Un verre de vin de trop. Encore une petite goutte. Laisser le volcan l’envahir. L’aider à trouver son petit château.

Elle éprouverait de la difficulté à marcher, à rire, à danser, tant les gras, ces corps étrangers english s’accumuleraient dans son sang et dans sa tête. Des tumeurs de gras saturés english se créeraient dans son cerveau, se stockant les unes par-dessus les autres, et elle perdrait doucement la tête, en même temps que sa dignité. Elle commencerait à éprouver des brûlures au corps, à la poitrine, pensant qu’elle aurait attrapé le sida de la gourmandise de cet homme qui aurait les yeux trop noirs. She was always thinking in English now.

Ses pensées se raccourciraient, de plus en plus courtes, tout comme les paragraphes qu’elle écrit dans son journal au conditionnel. Elle irait voir la mer.

Un homme âgé serait assis devant un chevalet, embrassant l’étendue monstrueuse en mouvement. Il aurait le front éclairci par des taches brunâtres et un rire du Sud. Une peau de Mexicain. Elle s’arrêterait pour l’observer un instant. Elle s’assoirait pour l’observer. Il peindrait comme on peint une femme nue, avec cette fascination de ne pas lever le pinceau trop haut. Le tableau entre ses mains serait magnifique, le bleu et le bleu se mêlant dans une utopie burlesque. L’homme danserait sur sa toile, ses muscles roulant sous l’effort d’une passion tanguera. Lui et son art ne feraient qu’un. Sa langue lui importerait peu.
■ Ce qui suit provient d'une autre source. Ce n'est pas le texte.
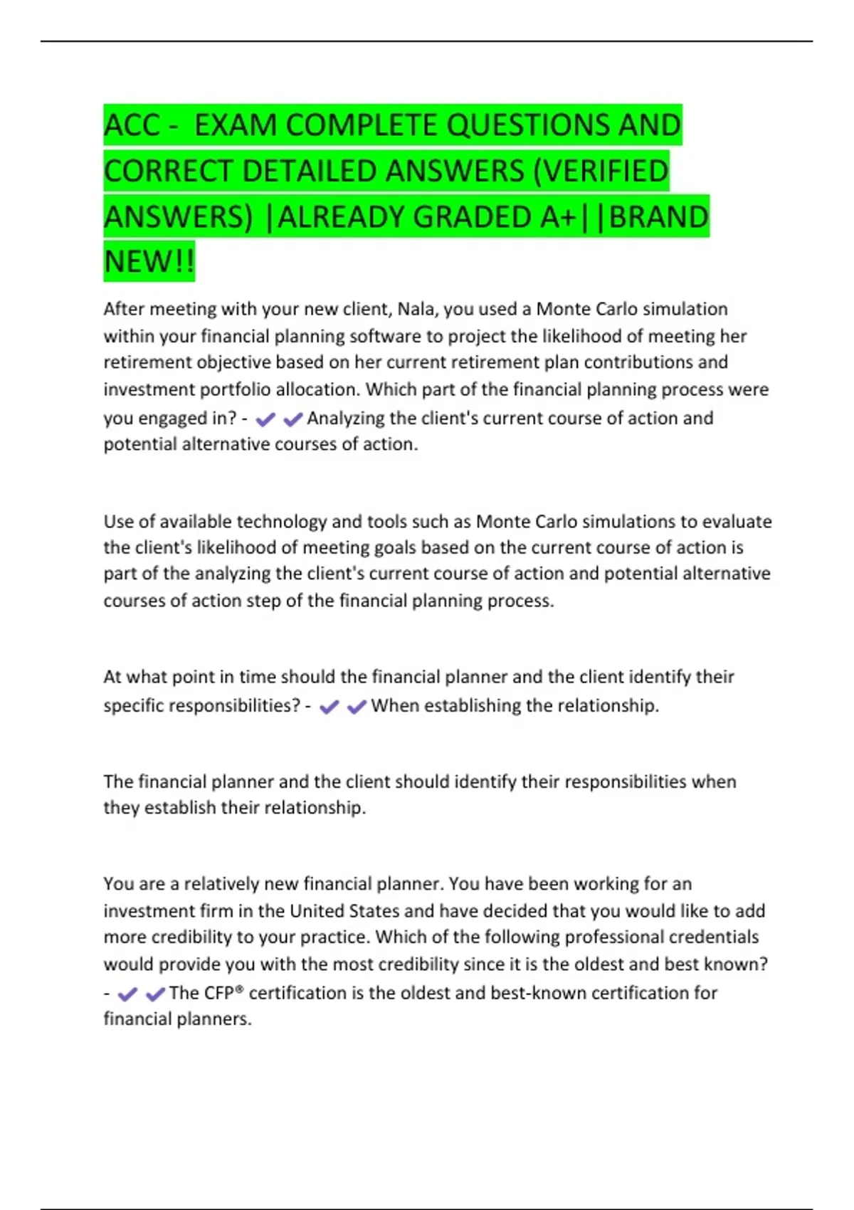 ACC - EXAM COMPLETE QUESTIONS AND CORRECT DETAILED ANSWERS (VERIFIED ANSWERS) |ALREADY GRADED A ||BRAND NEW!!

Les fines gouttes de pluie donneraient vie à sa création. Il s’envolerait.

Elle souhaiterait pouvoir se réchauffer auprès de ceux qu’elle n’aime pas. Ramenez-moi à mon volcan, un dernier verre.

La mer abandonnerait finalement la Francoforte.

Elle déciderait qu’elle en aurait assez de tout cela, et elle s’endormirait auprès d’un de ses élèves qu’elle aurait corrompu. La commission Charbonneau, ce serait elle après tout.

Rideaux aux couleurs pastel, fauteuils carrés verts. Regardez cet écureuil qui court dans le parc surveillé par des policiers blancs.

Il sautille, se tortille, parle Tamul.

Il est seul mais sourit.

Petite souris.

Verte.

 

V

Vous sentirez d’abord un frisson vous remonter la colonne vertébrale, la chair de poule se dressant, avec vous et en vous, sur vos bras, sans que vous ne ressentiez un courant d’air froid. Sentiment de bien-être inexpliqué. Vous inspirerez. Vous vous relèverez de votre poste de travail et irez dormir, épuisé sans comprendre pourquoi. Le lendemain, vous marcherez seul par une matinée un peu nuageuse, et vous retournerez une dizaine de fois, sans comprendre d’où viennent ses sons si proches qui vous frôlent et vous caressent. La peau vous chauffera sur les bras, et à l’intérieur des paumes un amoncellement de mots. Puis vous ouvrirez la bouche.